The present application also provides a storage medium having a computer program stored thereon, which when executed, may implement the steps provided by the above-described embodiments. The storage medium may include: various media capable of storing program codes, such as a usb disk, a removable hard disk, a Read-Only Memory (ROM), a Random Access Memory (RAM), a magnetic disk, or an optical disk.
The application also provides a heterogeneous computing acceleration platform, which may include a memory and a processor, where the memory stores a computer program, and the processor may implement the steps provided by the foregoing embodiments when calling the computer program in the memory. Of course, the heterogeneous computing acceleration platform may further include various network interfaces, power supplies, and other components.

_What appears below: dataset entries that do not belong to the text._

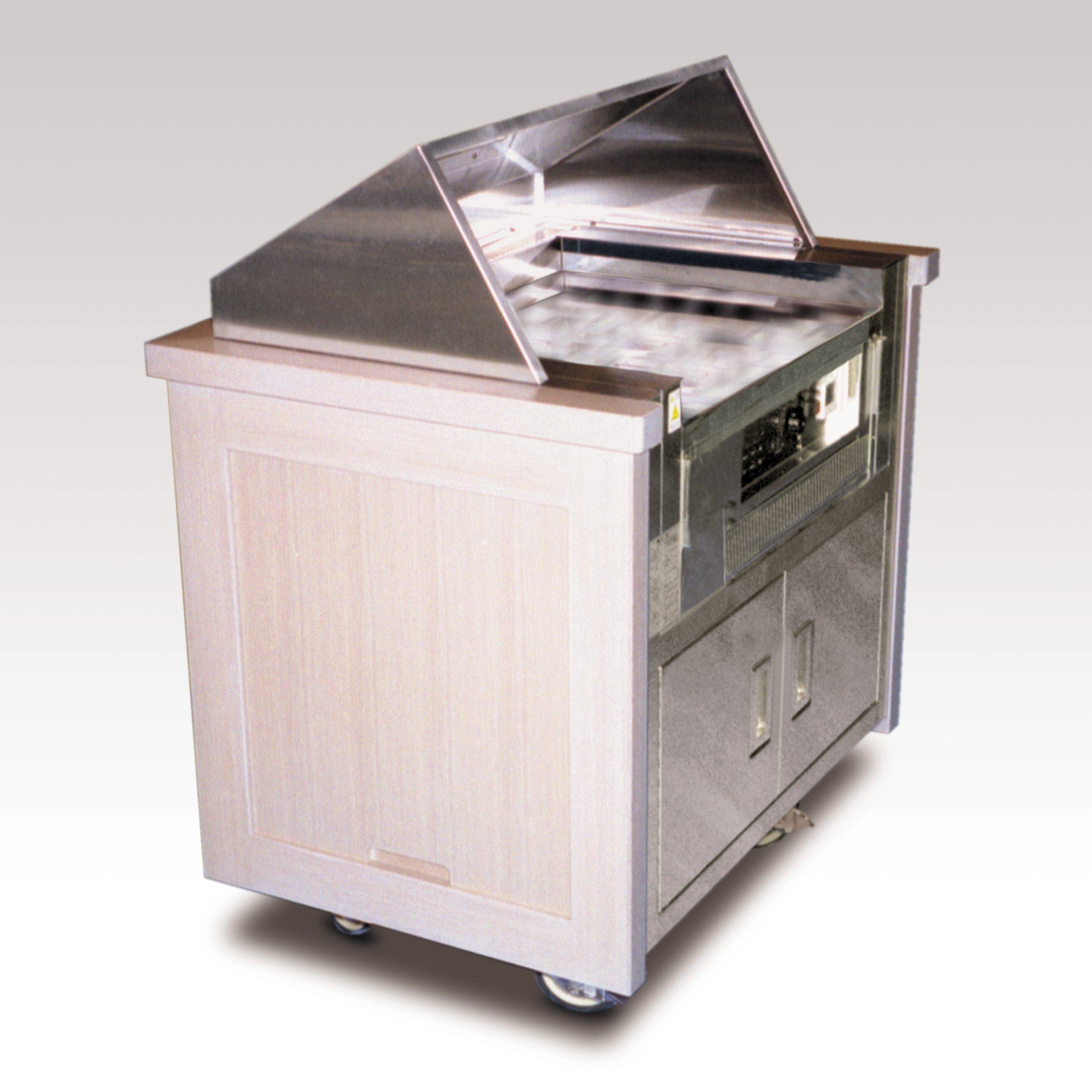 ・サイズ:W900×D600×H1150mm ・キャスターサイズ:130φ 自在キャスター2輪 ストッパー付自在キャスター2輪 ・本体:ナラ材塗装 ・3相200V 3KW ・販売価格:\2,640,000 (消費税は別途)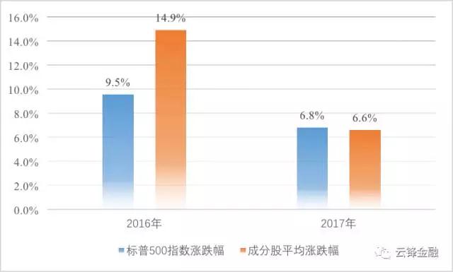 但如果拆分看个股的话,标普500成份股中跑赢指数的只有242支,而2016年全年跑赢指数的成份股足足有297支。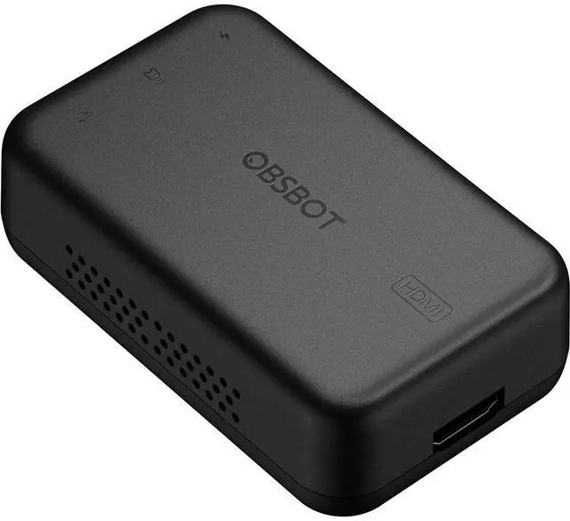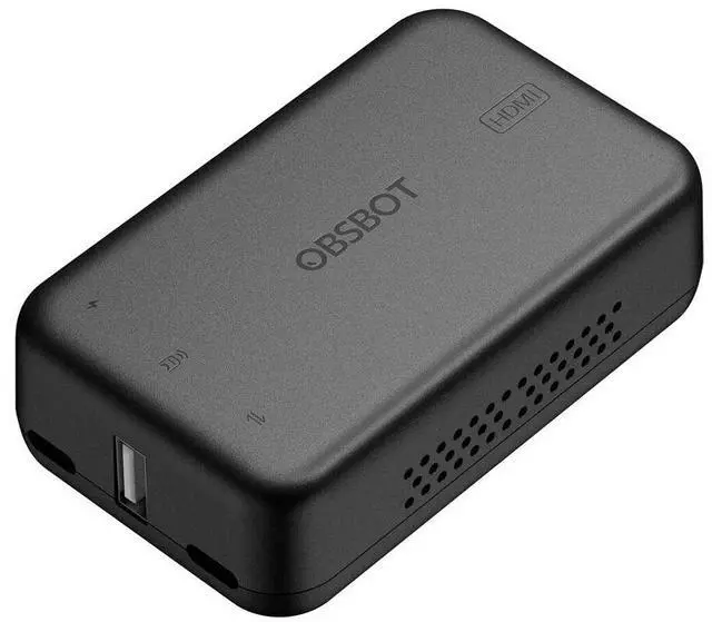 View and/or monitor the UVC output of your webcam or PTZ camera with low latency and with output resolutions up to UHD 4K60 on any display that has an HDMI input with this UVC to HDMI Adapter from OBSBOT. The plug-and-play adapter features two USB-C inputs, one for your UVC source signal and one for powering the unit, a USB-A input for working with an optional OBSBOT remote controller and USB wireless receiver (available separately), and an HDMI 2.0 output for connecting to a display. The unit comes with a 5' USB-C to USB-C cable that may be used for connectivity to your UVC source device or for power, when used with an optional 9V/2A or 5V/2A USB-C power adapter.

The embodiments are described in a progressive manner in the specification, each embodiment focuses on differences from other embodiments, and the same and similar parts among the embodiments are referred to each other. For the system disclosed by the embodiment, the description is relatively simple because the system corresponds to the method disclosed by the embodiment, and the relevant points can be referred to the method part for description. It should be noted that, for those skilled in the art, it is possible to make several improvements and modifications to the present application without departing from the principle of the present application, and such improvements and modifications also fall within the scope of the claims of the present application.
It is further noted that, in the present specification, relational terms such as first and second, and the like are used solely to distinguish one entity or action from another entity or action without necessarily requiring or implying any actual such relationship or order between such entities or actions. Also, the terms "comprises," "comprising," or any other variation thereof, are intended to cover a non-exclusive inclusion, such that a process, method, article, or apparatus that comprises a list of elements does not include only those elements but may include other elements not expressly listed or inherent to such process, method, article, or apparatus. Without further limitation, an element defined by the phrase "comprising an … …" does not exclude the presence of other identical elements in a process, method, article, or apparatus that comprises the element.